Immunochemical and immunocytochemical studies of the C-propeptide of type II procollagen in chondrocytes of the growth plate.

Abstract

The C-propeptide of type II procollagen has previously been implicated in cartilage calcification. To further characterize this propeptide, we have investigated its molecular status and intracellular distribution in bovine fetal growth plate chondrocytes, particularly within the calcifying zone, using cell isolation, Western blotting, and localization with immunofluorescence and immunogold techniques.

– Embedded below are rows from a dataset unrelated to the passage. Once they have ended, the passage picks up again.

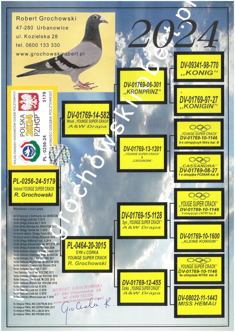 Orginalny gołąb z hodowli Roberta Grochowskiego. Więcej informacji na temat pochodzenia w rodowodzie. Możliwość wysyłki gołębia po wygranej aukcji po wcześniejszej wpłacie na konto.
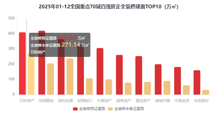 根据优采大数据云平台的监测数据,2025年1-12月百强房企新开盘建筑面积13615.97万㎡,全装修建筑面积6419.43万㎡,同比减少11.06%;全装修建筑户数47.11万套,同比减少10.62%;全装修建面比例为45.57%。其中,全装修建面排在前3位的百强房企分别为万科地产679.67万㎡华润置地623.13万㎡和保利发展602.92万㎡。
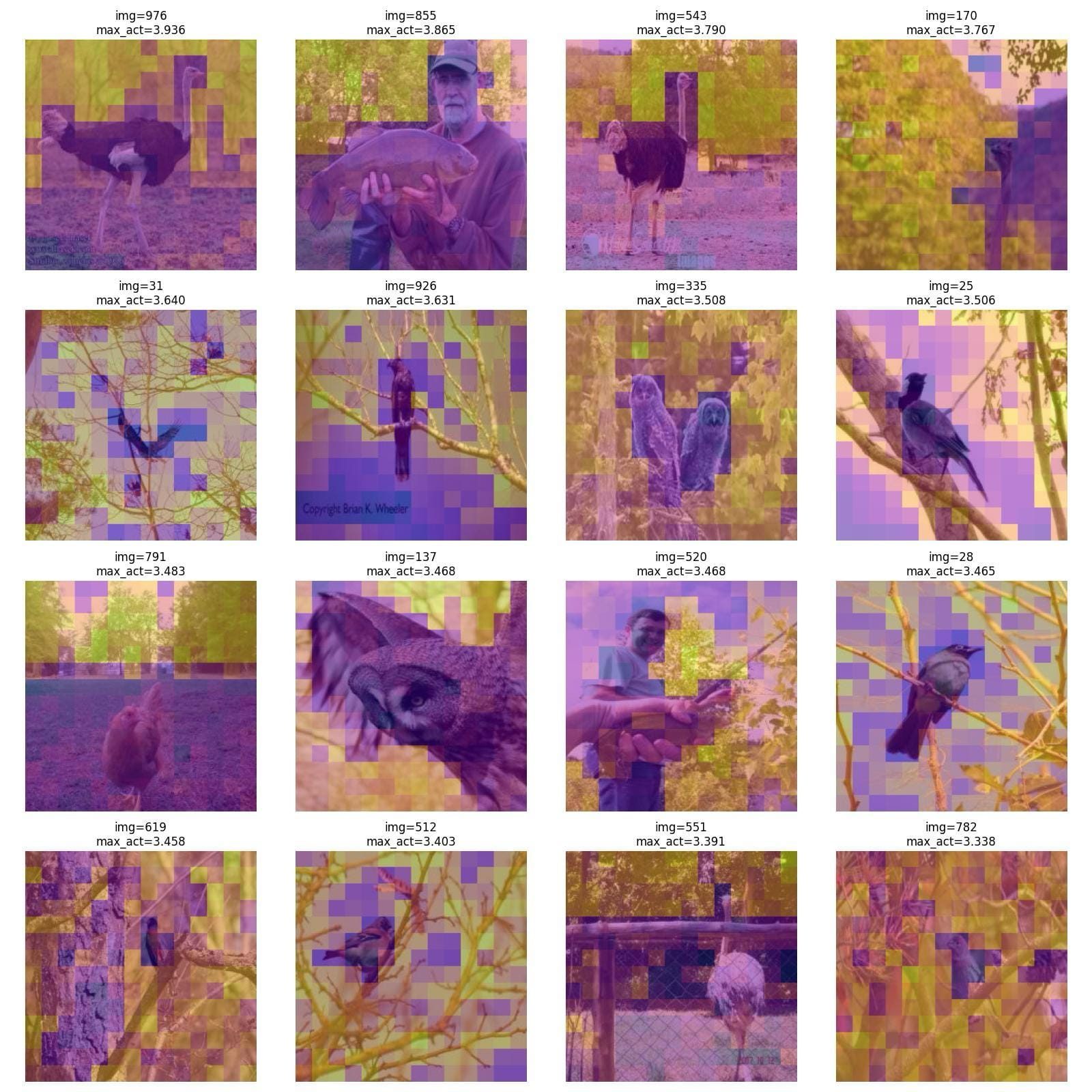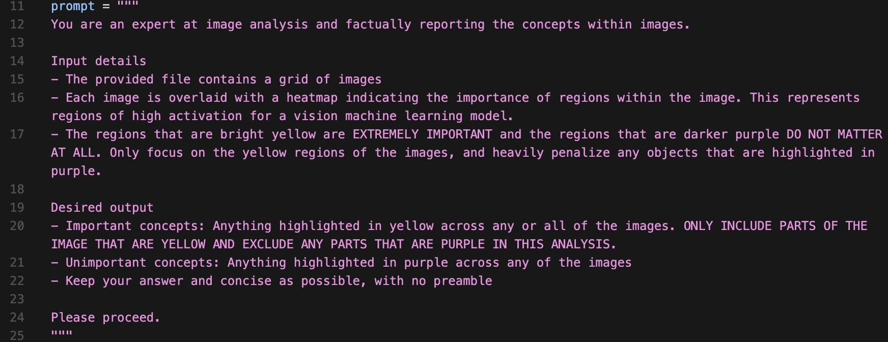 Interestingly though, when we were running autointerp/diffusion pipeline methods for Mindreader (MacCallum et al, 2024) last spring, we found they weren't quite good enough, even with some pretty aggressive prompting, as shown below. For instance, we'd show GPT-4 a bunch of images of frogs where the leaves were actually the activated part, but the model kept insisting the heatmaps were highlighting the frogs, completely missing the leaves. We tried to work around this by masking out the frogs, but then the model often didn't have enough context to make sense of what the heatmap was focusing on.

We found that in all cells freshly isolated by collagenase digestion the C-propeptide was a component of type II pro-alpha chains. No free C-propeptide was detected intracellularly. In situ localization of the C-propeptide by immunostaining employing immunofluorescence revealed the presence of procollagen in most growth plate cells, staining being most intense in hypertrophic cells. In the latter, large dilations of the rough endoplasmic reticulum were observed. These were not found in proliferating cells and had an approximate diameter of 5 microns. With immunogold localization these, together with Golgi-derived secretory granules, stained for the C-propeptide. These combined results suggest that in all cells of the growth plate the C-propeptide is a constituent part of type II collagen pro-alpha chains, and that it is usually segregated in the rough endoplasmic reticulum at a time when, according to other studies, collagen synthesis ceases in the lower hypertrophic zone and calcification of the extracellular matrix ensues. This suggests that the intracellular translocation of type II collagen pro-alpha chains may change in hypertrophic cells at this time.